ニューヨークのロードレースコース紹介:セントラルパーク

■世界一有名な公園は?

世界一有名な公園といえばどこであろうか。

思いつくのは、アメリカではグランドキャニオン国立公園ヨセミテ国立公園イエローストーン国立公園エバーグレーズ国立公園といったところであろう。

他にもイグアスの滝がある南米のイグアス国立公園、アフリカのヴィクトリアフォールズ国立公園、ギアナ高地にありエンジェルフォールを含むベネズエラのカナイマ国立公園などを挙げることができる。
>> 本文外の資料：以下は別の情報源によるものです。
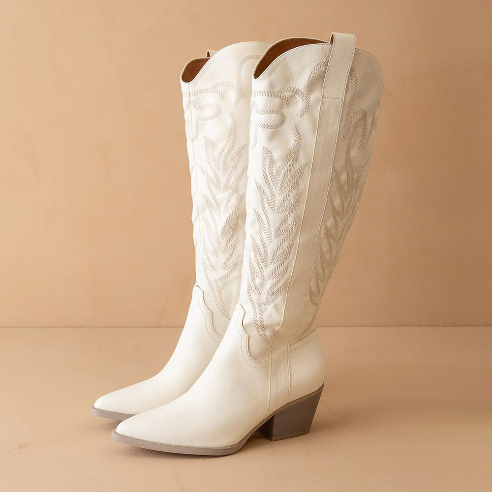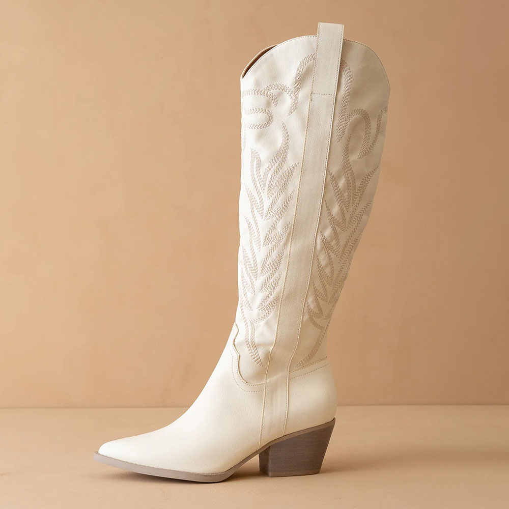 Embroidered Pointed Toe Mid Calf White Cowgirl Boots for Women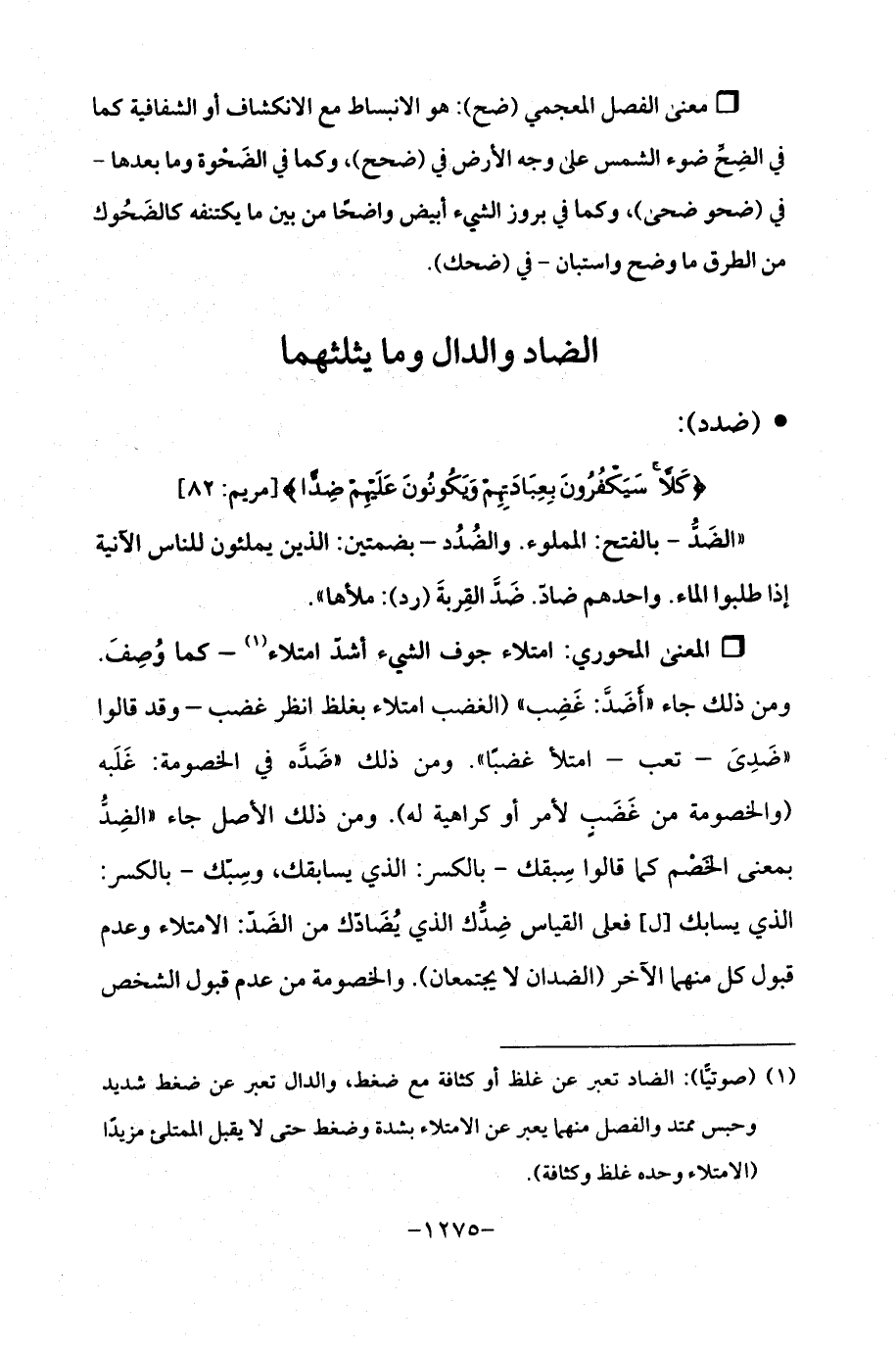 (¬1) (صوتيًّا): الضاد تعبر عن غلظ أو كثافة مع ضغط، والدال تعبر عن ضغط شديد وحبس ممتد والفصل منهما يعبر عن الامتلاء بشدة وضغط حتى لا يقبل الممتلئ مزيدًا (الامتلاء وحده غلظ وكثافة).
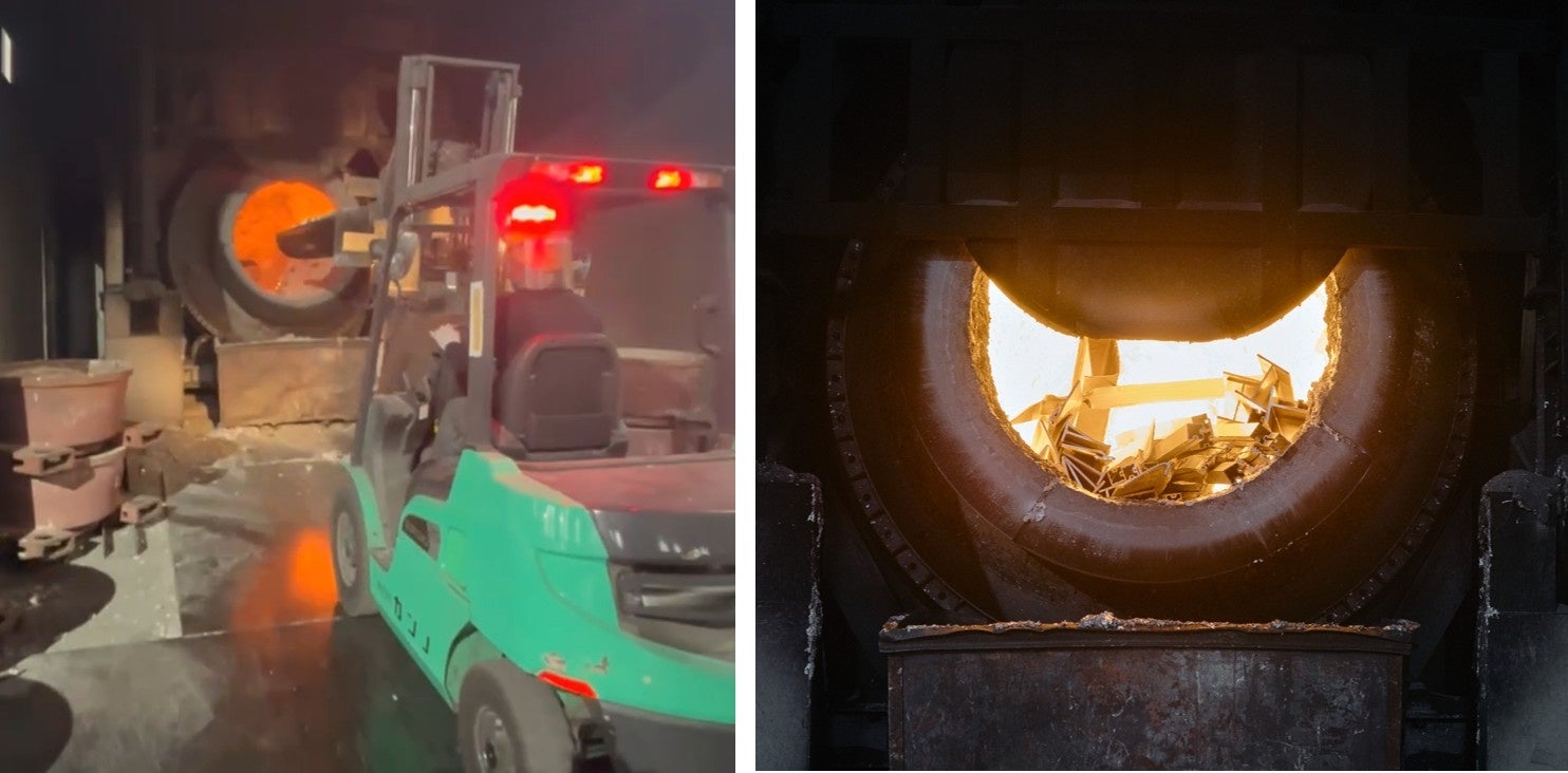 アルミニウムリサイクル工場では、用途に応じて複数のリサイクルアルミ品種を製造しています。メインとなるアルミ原料を投入し、高温で加熱する工程の中で、廃カラー剤アルミチューブも併せて投入されます。各種アルミ原料が溶解され、液体状の再生アルミニウムとなります。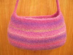 Here's the first sophie bag. It came out perfectly after felting. I stuffed some plastic bags in it to hold the shape as it finished drying and now need only to sew in a snap. What a great little pattern! I enjoyed it so much that I immediately searched through my stash to find more wool. And what do you know, I had about a ball and a half of Kureyon left over from my new year's stripey sweater. It wasn't enough for a full-sized sophie, but I like it as a short, rectangular bag too.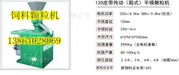 120型箱式飼料顆粒機:產量100-120kg/h,配套電機動力:2.2kw 4級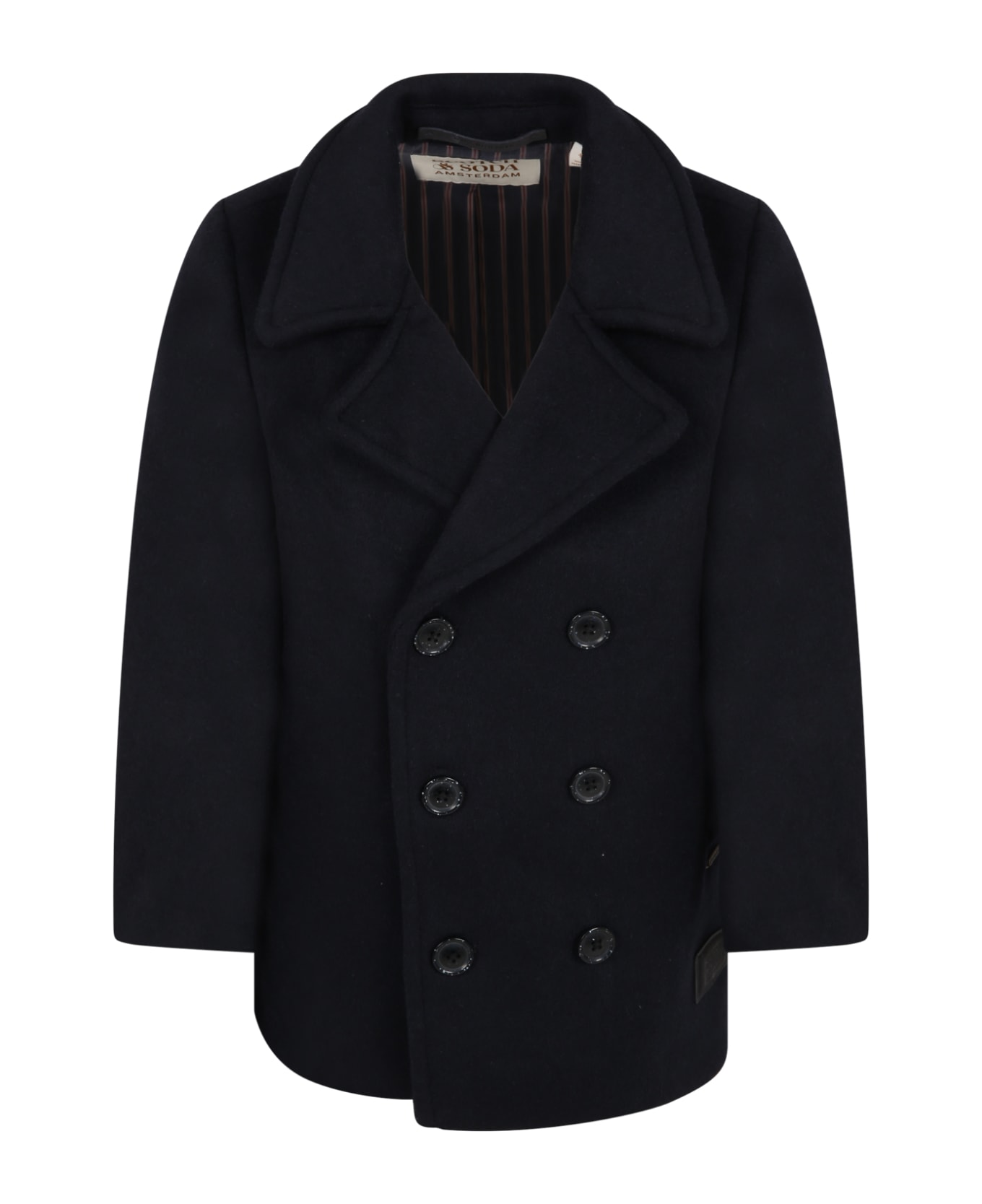 Blue double-breasted coat, with long sleeves, collar, side pockets, slit on the back and buttoned closure. It is embellished with loged patch and metallic logo, applied on the front.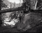 Dirt road from Potato Hollow to Kolob Creek with a small green fir tree uprooted and pushed off road. ; ZION Museum and Archives Image 101_02_003 ; ZION 8291

しかし、これらはどれも、公園そのものがユネスコの世界自然遺産に指定されていたり、東京都○個分という広さであったりして、市民の憩いの場としての公園というよりは、むしろ自然保護区域といったイメージに近い

一方で、世界一有名な都市公園といえば、まず挙がるのがセントラルパークであると思う。


■一般的な「セントラルパーク」

セントラルパークはニューヨーク観光の名所にもなっている。

セックス・アンド・ザ・シティ、ホーム・アローンといった映画やテレビからサリンジャーの小説まで、様々なメディアへの露出も多く、メトロポリタン美術館やグッゲンハイム美術館、アメリカ自然史博物館といった世界的に有名な美術館、博物館の類も周囲に擁する。

園内でもシェークスピアやメトロポリタン・オペラ、ニューヨーク・フィルハーモニーによる無料野外公演が行われる。



これらの一般的な名所、イベントについては、いろんなサイトで既に紹介がされているので、ここではセントラルパークのもう一つの顔、春から秋にかけて毎週のように行われているロードレースという視点からご紹介をしていきたいと思う。


■ロードレースコース、「セントラルパーク」

全長6.07マイル、約9.7kmのサーキット。

セントラルパークループと呼ばれる、園内の一番外側にある道路を一周することになる。



マンハッタンという名前が「丘の多い島」という意味に由来するように、全体的に適度なアップダウンが続く。

現在のスタート・フィニッシュラインは、東側の79丁目付近に位置する丘の上である。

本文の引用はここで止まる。